• STORED DATA:
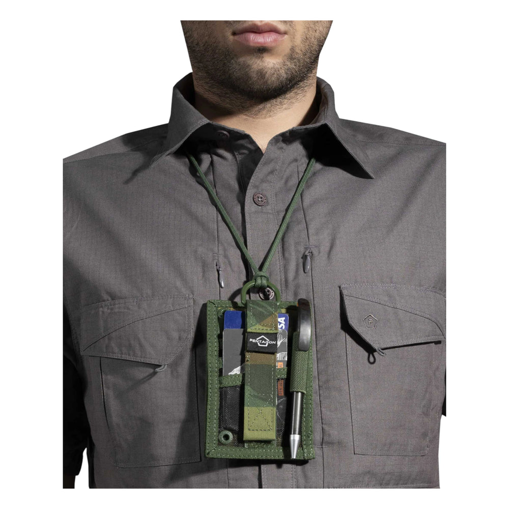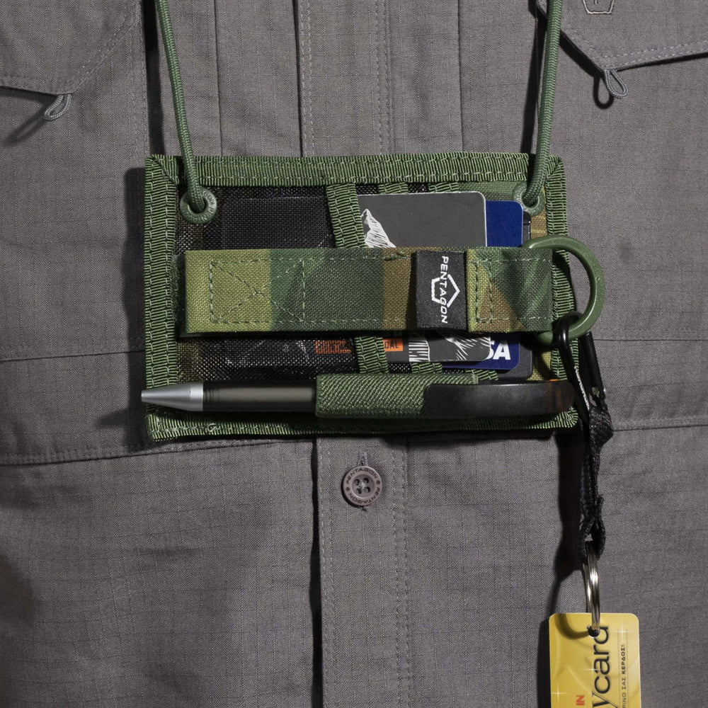 Der Pentagon ID Karten Halter ist ein praktisches Accessoire für den Alltag und ideal für den Einsatz unterwegs. Er bietet Platz für Ausweise, Kreditkarten, Visitenkarten oder den Führerausweis. Mit zwei abnehmbaren Panels kannst du deine wichtigen Karten und Dokumente flexibel organisieren. Dank des robusten Nylonmaterials und des durchdachten Designs bleibt alles sicher verstaut. Eine transparente Mesh-Fläche sorgt für schnelle Sichtbarkeit, während zusätzliche Schlaufen Platz für Stifte oder kleine Tools bieten. Der Kartenhalter ist leicht, kompakt und vielseitig einsetzbar – ob im Beruf, auf Reisen oder im Einsatz.
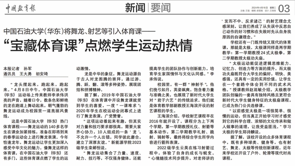 2024年4月16日,《中国教育报》以中国石油大学(华东)将舞龙、射艺等引入体育课--“宝藏体育课”点燃学生运动热情为题报道我校体育工作。近年来betway88西汉姆联开设学生喜爱的射艺、舞龙、太极等创新且具有传统文化特色的体育课,还开设户外、轮滑等现代时尚课程,引领学生强身健体,受到学生的广泛好评和喜爱,经验做法得到新闻媒体的关注。
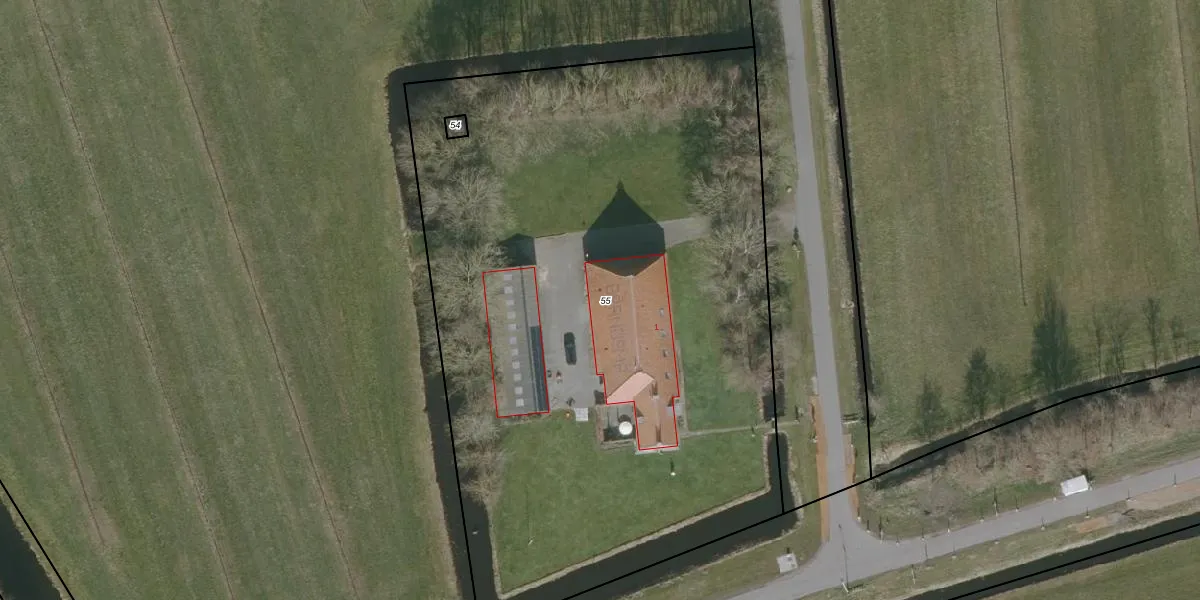 Het perceel waarop het adres ligt is BBG03-H-55. De afkorting 'BBG03' staat voor kadastrale gemeente Boornbergum. Het perceel is kleiner dan gemiddeld in Boornbergum. Het perceel is 4670 m² groot, terwijl het gemiddelde ligt op 7352,3 m². De grootste perceeloppervlakte in de kadastrale gemeente is 98,6 ha. De kleinste oppervlakte bedraagt 1 m². Op het perceel bevinden zich geen andere adressen. De huidige grenzen van het perceel zijn digitaal in de Basisregistratie Kadaster (BRK) geregistreerd op 17-10-2011.
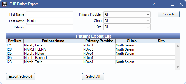 Highlight patients whose records are to be exported or click Select All to highlight all patients in the list.
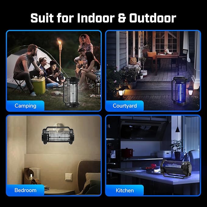 - 【Weatherproof & Multi-Site Use】Designed to withstand adverse weather conditions, this mosquito lamp ensures durability. Featuring a top handle for easy hanging, it can be used in various settings, including yards, balconies, corridors, gardens, pergolas, patios, garages, farms, offices, swimming pools, and more

• YOUR GOAL: Please restate the lines above exactly, starting at the first line of the data and stopping at the line containing "2024年4月16日,《中国", which is included. Omit pictures.

• RESPONSE TO THE EXERCISE:
 Der Pentagon ID Karten Halter ist ein praktisches Accessoire für den Alltag und ideal für den Einsatz unterwegs. Er bietet Platz für Ausweise, Kreditkarten, Visitenkarten oder den Führerausweis. Mit zwei abnehmbaren Panels kannst du deine wichtigen Karten und Dokumente flexibel organisieren. Dank des robusten Nylonmaterials und des durchdachten Designs bleibt alles sicher verstaut. Eine transparente Mesh-Fläche sorgt für schnelle Sichtbarkeit, während zusätzliche Schlaufen Platz für Stifte oder kleine Tools bieten. Der Kartenhalter ist leicht, kompakt und vielseitig einsetzbar – ob im Beruf, auf Reisen oder im Einsatz.
 2024年4月16日,《中国教育报》以中国石油大学(华东)将舞龙、射艺等引入体育课--“宝藏体育课”点燃学生运动热情为题报道我校体育工作。近年来betway88西汉姆联开设学生喜爱的射艺、舞龙、太极等创新且具有传统文化特色的体育课,还开设户外、轮滑等现代时尚课程,引领学生强身健体,受到学生的广泛好评和喜爱,经验做法得到新闻媒体的关注。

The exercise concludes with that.